While it might be 200 years ago, there should still be some power options available. I'm sure it would be at least a generation to rebuild back to a more current (30s or 40s) level of living but, as also stated, we wouldn't have to invent it, just figure it out again which should be easier as we already know it can be done.


----------



## LincTex (Apr 1, 2011)

philjam said:


> Stock up on gas so you can run a generator to power the tv. Then can watch dvd's until the gas runs out.


Bad idea. This is the absolutely worst possible use imaginable for any stored gasoline you would have available.



Genevieve said:


> IF we never have electricity again, then they'll get tossed. But, since we have the solar and wind generators, I can at least still use the puter and any cd's or sticks that I've downloaded material onto.


Excellent idea. Those of us with solar power and inverters will still be using electronic gadgets as long as we are still making our own power.
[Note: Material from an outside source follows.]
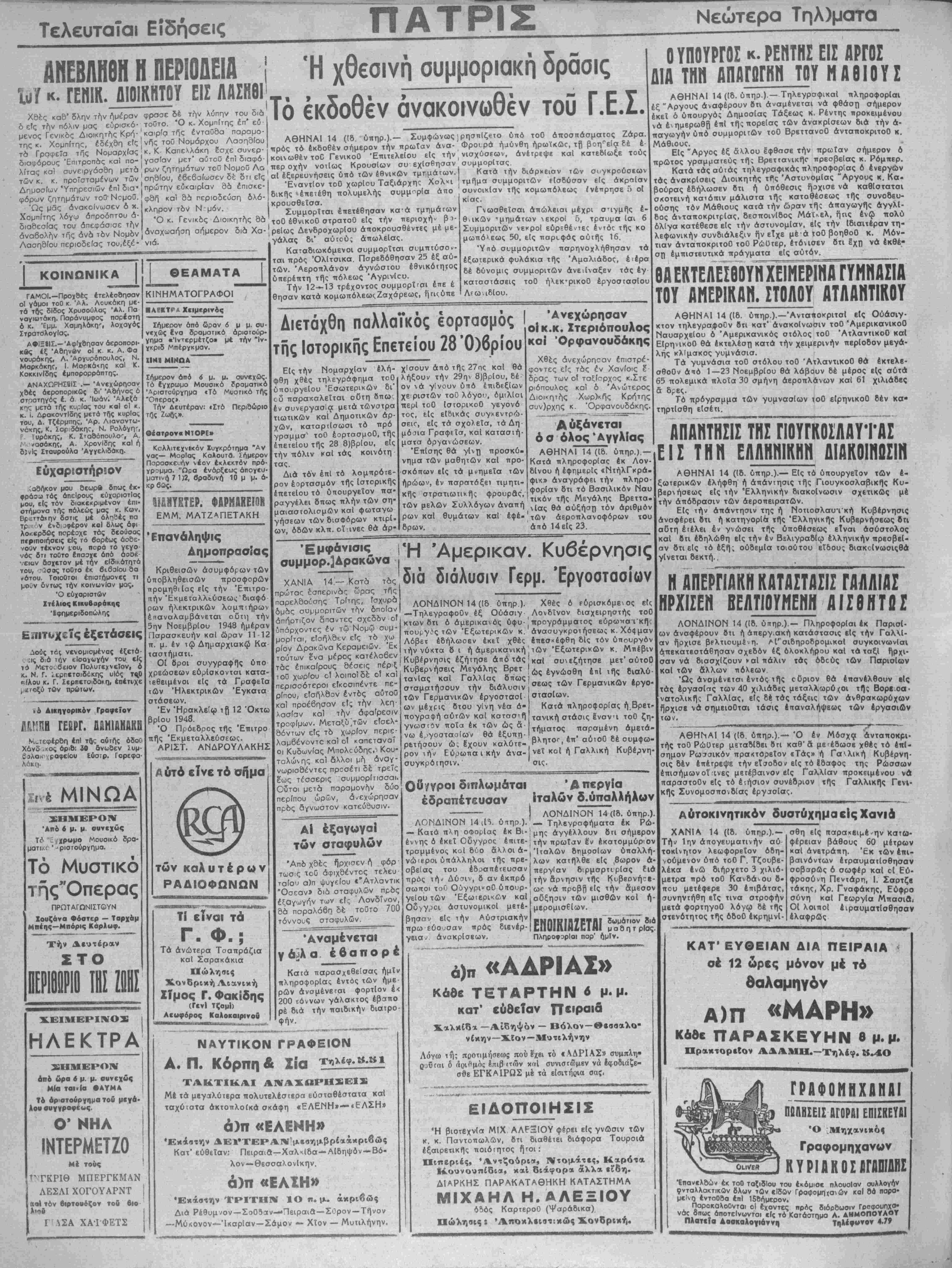 τΑγ ίπικαιοουο θέσεις πέριξ < ν..ο... μ----- μ-αϊ— -— ι ΛΟΝΔΙΝΟΝ 14 (ίδ ύπηρ). Χθές ό ευρισκόμενος είς —-Τηλεγραφοθν έξ Ούάσιγ Λονδίνον διαχειρηστής τοθ κτων βτι ό άμερικανός ύφυ-' προγρόμματος εύρω■ιτα·ι■κή■^ πουργίς των Εξωτερικών κ. ανασυγκροτήσεως κ. Χότΐμαν Λόβετ εδήλωσεν έκιΐ χθές επεσκέφθη δΐς τόν υπουργόν Ι την νύκτα δ ι ή άμερικανική |ιών "Εξωτερικών κ. Μέβ τας τού χωρίου οί λοιποί δέ οί καΐ περισσότεροι είκοσιπέντε πε- ρΐπου, είσήλσον έντδς αυτού και προέβησαν είς την λεη¬ λασίαν καΐ την άφα'ρεσιν τροφΐμων. Μεταξϋ,τών είσελ- δόντων είς τδ χωρίον περιε- λαμβένοντο καΐ οί καπεταναΐ οί ΚυδωνΙας Μπολούδης, Κου- ταλώνης καΐ δλλοι μη άναγ- νωρισθέντες προσέτι δέ τρείς ε"ως τέσσερις συμμορΐτισσαι. Ούτοι μετώ παραμονήν δύο περίπου ώρων, όν/εχώρησαν πρδς δγνωστον κατεύθυσιν. ^,, Κυβερνήσεις Μεγάλης Βρετ τανίας καί Γαλλίας 8πως σταματήσουν την διάλυσιν των Γερμανικών έργοσταοί ών μέχρις ότου γίνη νέα ά- πογρσφή αυτών καΐ κστσθ'ή γνωστόν ποία έκ των ώς ά- νω έργοστααΐων Θά έξυπη- ΑΙ έξαγωγαΙ των σταφυλών 'Απδ χδές ήρχισεν ι*| φόρ τωσις τοθ αφιχθέντος τελευ ταΐο^ α)π ψυγεΐου «'Ατλαντικ Όσεαν» δι6 σταφυλών πρδς έζθγωγήν των είς Λονδίνον, δα πσραλάβΓν δέ τουτο 700 τόννουζ σταφυλών. 'Αναμένεται γ &λ α. έ 6 α π ο ρ έ Κατά τιαροσχεθείσας ημίν πληροφορίας έντός των ημε¬ ρών άνομένεται φορτΐον έ< 200 τόννων γάλακτος έβατιο ρέ διά την παιδικήν διατρο¬ φήν. ΝΑΥΤΙΚΟΝ ΓΡΑΦΕΙΟΝ Α. Π. Κόρπη Λ Σία _^'» ΤΑΚΤΙΚΑΙ ΑΝΑ_«Ι*ΗΣΚΙ- Μί τα μβγαλότερα τιολυτελέστβοα εύστσθέστατα καΐ ταχΟΓατα άκτοηλοίκά σκάφη «ΕΛΕΝΗ»—·*ΕΛΣΗ» ά)π «ΕΛΕΝΗ» «Εκάστην ΑΕνΤΕΡΑΝ'μεσημβρίαάκριθώς Κατ' ευθείαν: ΠειραιΛ—Χαλ-,Ιδα—Αίδηψόν — Βό¬ λον— θεσσαλονίκην. ά)π «ΕΛΙΗ» Έκαστην ΤΡΙΤΗΝ 1Ο π. μ. ακριβώς Διά Ρέθυμ ,/ον—Σο093ν—*Ίειραιά—Σΰρον — Τήνον —Μύκονον—ΊκαρΙαν—Σάμον — Χΐον — Μυτιλήνην. ώς εγνώσθη επί τής Βιαλύ σεως των Γερμανικών έργο- στασΐων. Κατά πληροφορίας ή Βρετ- τανική στάσις ένσνι τοθ ζή- τήματος παραμένη άμετά» Ο ΥΠΟΥΡΓΟΣ κ. ΡΕΝΤΗΣ ΕΙΣ ΔΡΓΟΣ ΔΙΑ ΤΗΝ ΑΠΑΓΟΓΗΠ ΤΟΫ Η Α ΟΪΟΥΣ ΑΘΗΝΑΙ 14 (ίδ. ύπηρ).— Τηλεγραφικαί πληροφορίαι έξ Άργους άναφέρουν 8τι άναμένεται νά φθάση σήμερον έκεϊ ό ύπουργός Δημοσίας Τάξεως κ. Ρέντης προκειμένου νά έημερωθ{| επί τής πορεΐας των άνακρΐσεων διά την ά- παγωγήν υπό συμμοριτών τοθ ΒρεττανοΟ άντσποκριτοθ κ. Μάθιους. Είς "Αργος έξ άλ-λου έφθασε την πρωΐαν σήμερον δ πρώτος γραμματεύς τή; Βρεττανικήο πρεσβείας κ. Ρομπέρ. Κατά τάς αύτάς τηλεγραφικάς πληροφορίας ό ένεργών τάς άνακρΐσεις Διοικητής τί»ς ΆστυνομΙας "Αργους κ. Κα· βούρας εδήλωσεν βτι ή υπόθεσις ήοχισε νά καθΐσταται σκοτεινή καιόπιν μάλιστα τής κατοθέσεως τής συνοδευ- ούσης τόν Μάθιους κατά την ώραν τής άπαγωγής άγγλΐ- Βος άνταποκριτρΐας, δεσποινίδος Μάΐνελ, ήτις 6νώ πολύ ολίγα κατέθεσε είς την αστυνομίαν, είς την Ιδιαιτέραν τη- λεφωνικήν συνδιάλεξιν ήν εΐχβ μέά τοθ βοηθοθ κ. Μόν- τιαν άντατιοκριτοθ τοθ Ρώυτερ, ετόνισεν 6τι έχη νά εκθέ¬ ση έμπιστευτικά πράγματα είς αυτόν. ΘΑ ΕΚΤΕΛΕΙΘΟΥΝ ΧΕΙΜΕΡΤΝΑΓΥΜΝΑΣΪΑ ΤΟΥ ΑΜΕΡ1ΚΑΗ. ΣΤΟΛΟΥ ΑΤΛΑΝΤΙΚΟΥ ΑΘΗΝΑΙ 14 (Ιδ. ύπηρ.).—Ανταποκριταί, είς Ούάσιγ· κτον τηλεγραφοθν Οτι κατ' ανακοίνωσιν τοθ ΆμερικανικοΟ ΝαυαρχεΙου ό Άμερικανικός στόλος τοθ ΆτλαντικοΟ καί ΕΙρηνΐκοΟ θά εκτελέση κατά την χειμερινήν περίοδον μεγά¬ λης κλΓμακος γυμνάσισ. Τα γυμνάσια τοθ στόλου τοθ ΆτλαντικοΟ θά έκτελβ- σθοθν άιό 1—23 Νοεμβριού θά λάβουν δέ μέρος εΐ,ς αύτά 65 πολεμικά πλοΐα 30 σμήνη άεροπλάνων καΐ 61 χιλιόδες

I have enough solar capacity that a few hours of TV/DVD/VCR time in the evening most likely won't be to hard to accomplish.


----------



## lotsoflead (Jul 25, 2010)

worldengineer said:


> Scenario.....
> 
> The Schumer has hit the fan and your covered in it. You were one of the smart ones that prepared now your family and close relatives how made it. Your community has come together for protection and food. The destruction was bad, setting the world back 200 years. Hand tools and brute labor are what define life now.
> 
> ...


you heirs could sell them on EBAY in 2055, they'll be collectors items by then, just look at the old Ateri games. personally, I think we'll have a severe depression, but not get knocked back to the stone age.


----------



## philjam (Dec 17, 2008)

LincTex said:


> Bad idea. This is the absolutely worst possible use imaginable for any stored gasoline you would have available.


Sorry, forgot the sarcasm thingy.


----------



## LincTex (Apr 1, 2011)

philjam said:


> Sorry, forgot the sarcasm thingy.


 well... ya never know


----------